What does this mean in practice? Let’s say it’s windy in Berlin, but it’s also really overcast. It’s likely that the CO₂ intensity of the electricity that the city is using is quite high, because fossil fuel power plants have to work harder to make up for the lack of solar power. However, if the weather forecast predicts that there will be a big storm in the evening, it’s likely that the CO₂ intensity will be much lower later that day, since there will be a surge in wind energy which will mean the city will be able to rely less on fossil fuel power plants for its energy supply. Berlin’s citizens will then know that they should charge their electric vehicles in the evening, so saving on carbon emissions. This detailed information about the CO₂ intensity of electricity across the grid can help companies and their customers improve their understanding of their CO₂ footprints and find ways to reduce their CO₂ emissions.
Forecasting CO₂ intensity with Vertex AI
Elia Group is committed to the idea that innovation is key for a successful energy transition. In line with this, we have our own ‘incubator’ called The Nest. Our work at The Nest is helping develop and create new solutions that will help to boost Europe’s establishment of a sustainable energy sector. To do this, we’ve been working on a way to measure the CO₂ intensity of electricity across our grid. We call it eCO₂grid.
Initially, our forecasts in this area were relatively limited in terms of functionality and geographical scope. We therefore wanted to expand our forecasting tools to encompass a broader range of data. Having already tested out Google Cloud’s Vertex AI as part of several other projects, we began to think about how it could help us construct eCO₂grid. The Google Cloud team connected us with Google Cloud Partner Eraneos to help build eCO₂grid. We soon realised that Vertex AI was the solution we needed to help us improve our CO₂ intensity forecasting as part of eCO₂grid.

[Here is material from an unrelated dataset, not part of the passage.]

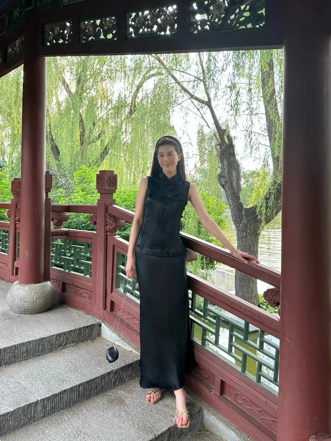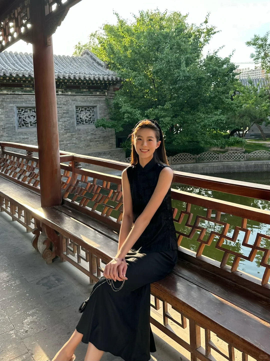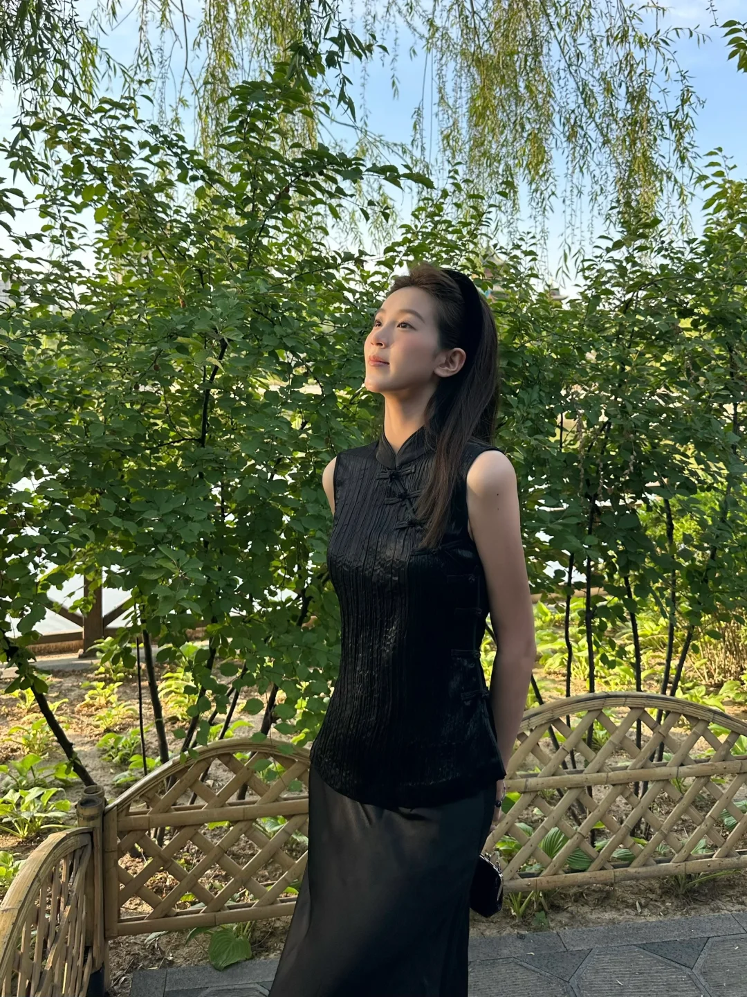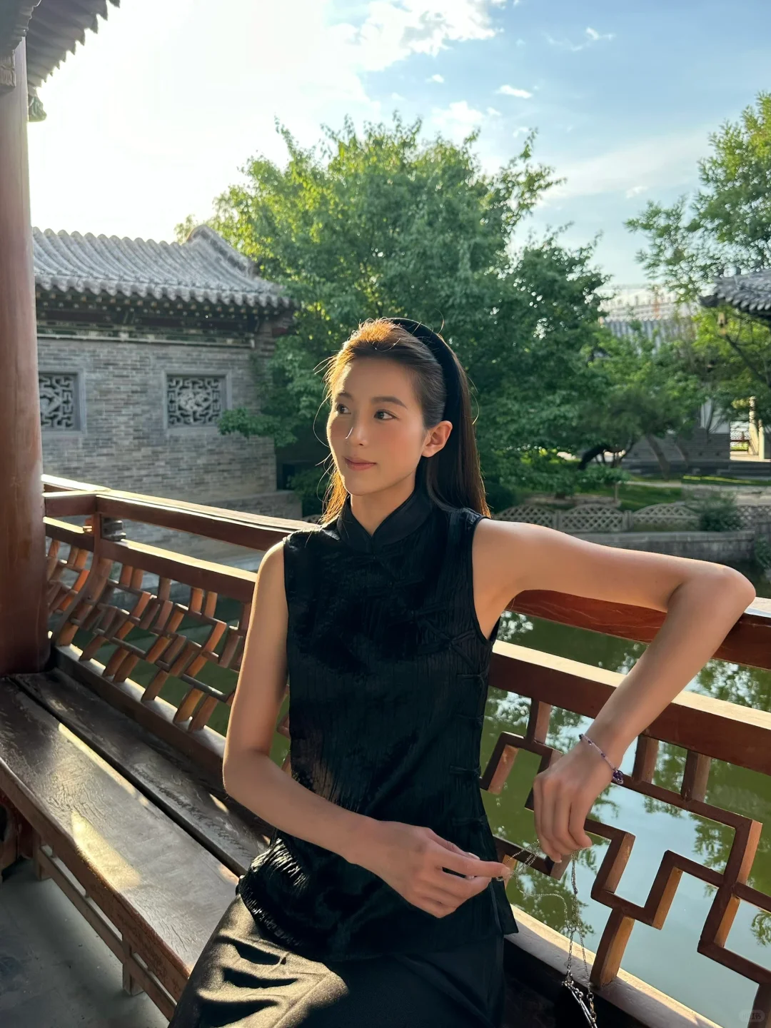 优雅东方韵,浅蓝上衣配米色长裤,漫步古风庭院,尽显时尚与古典的完美融合。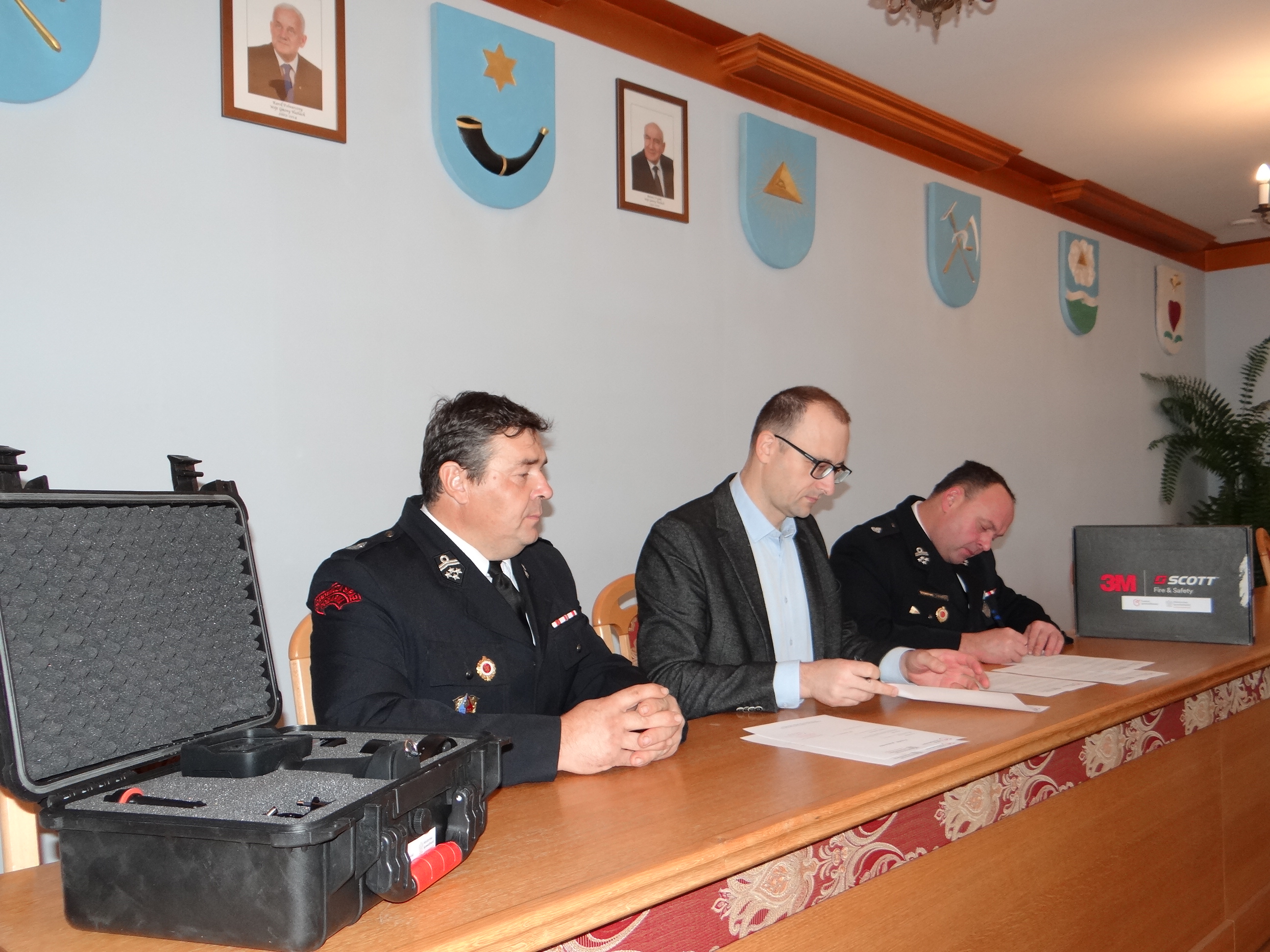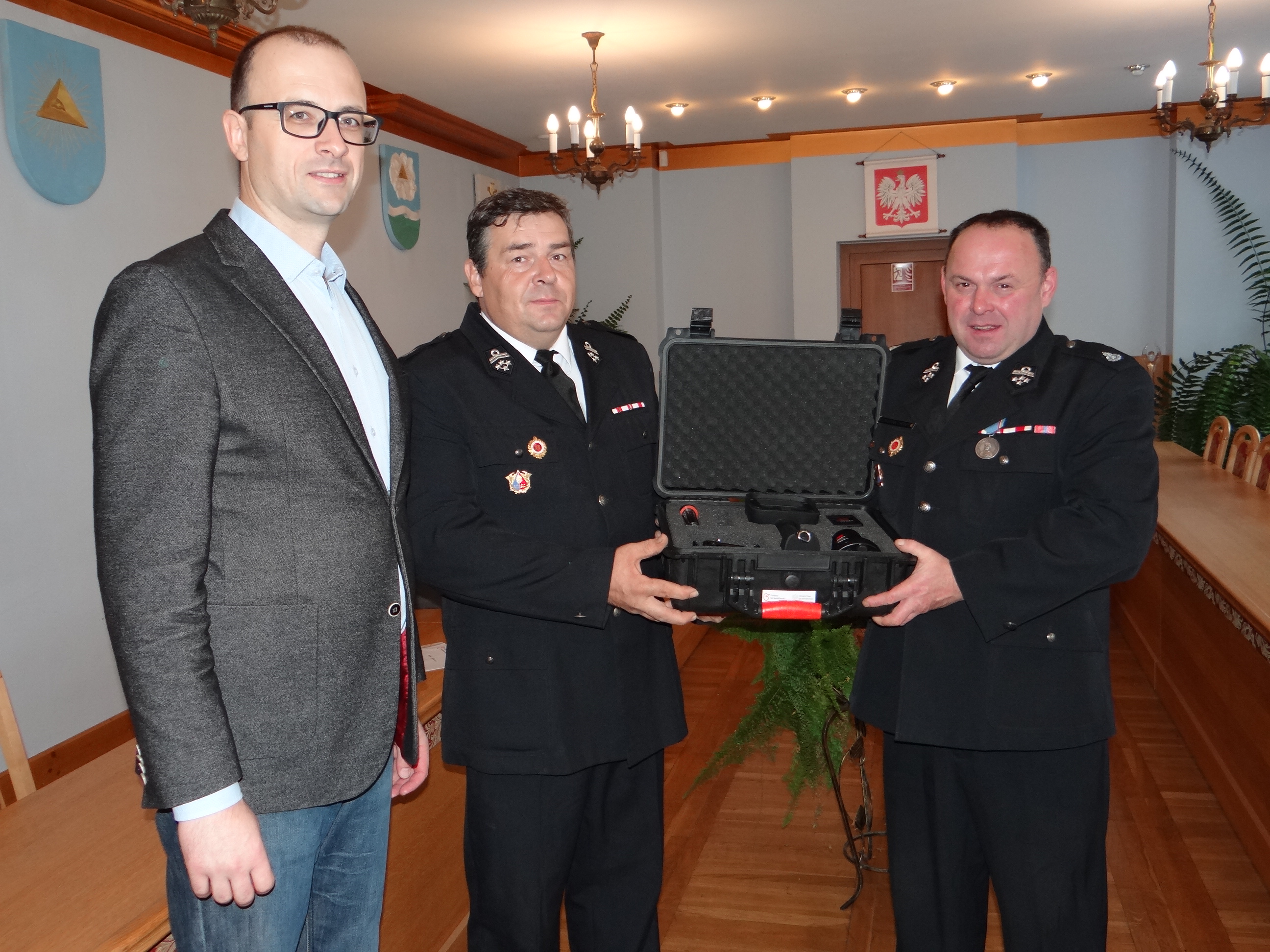 Przekazanie urządzenia na podstawie umowy darowizny nastąpiło 16 listopada bieżącego roku w sali sesyjnej Urzędu Gminy Hażlach w obecności Wójta Gminy Grzegorza Sikorskiego. Strażaków reprezentował Prezes OSP Hażlach Sebastian Chrapek oraz Naczelnik tej jednostki, zarazem Komendant Gminny OSP, Kazimierz Orszulik. – Składamy podziękowania Ministerstwu Sprawiedliwości i Ministrowi-Członkowi Rady Ministrów Michałowi Wójcikowi, a także Gminie Hażlach za jej cegiełkę dołożoną do tego zakupu. Kamera bardzo nam pomoże przy lokalizacji zarzewia ognia oraz źródeł ciepła będących efektem pożaru. Przyda się także podczas ewentualnych poszukiwań osób zaginionych w terenach leśnych – powiedział Prezes Sebastian Chrapek.

Building an ML Ops platform at scale
Along with Eraneos, our data scientists and engineers built a comprehensive MLOps platform using Vertex AI which incorporated all the existing forecasting models and connected them to the data in our systems. This allows us to control and manage multiple models at the same time, which wasn’t an option that had been available to us previously. This has enabled us to develop advanced 24-hour forecasting models for our home markets of Germany and Belgium, with the possibility of extending these models to include each of Europe’s electricity market areas (which are called ‘bidding zones’ and are mostly aligned with national borders). This is very important because each bidding zone has such a diverse energy mix which cannot be easily incorporated into one single model. That's why being able to handle multiple models at the same time is so useful, since this allows us to produce much more accurate CO₂ intensity forecasts.
Building this platform using Google Cloud was quick. We put together an initial model with our data scientists in a few weeks. By the end of 2023, we had a model that was as accurate as we could have imagined. We’d like to receive more feedback about how useful eCO₂grid is for our customers and we hope that, eventually, our forecasts will become the gold standard for Europe. We want companies who are producing sustainable products, whether that’s electric vehicles or heat pumps, to use our forecast data in their own systems via an API. Ultimately, we want to give everybody a better understanding of what kind of energy is produced where and what impact it has on the environment.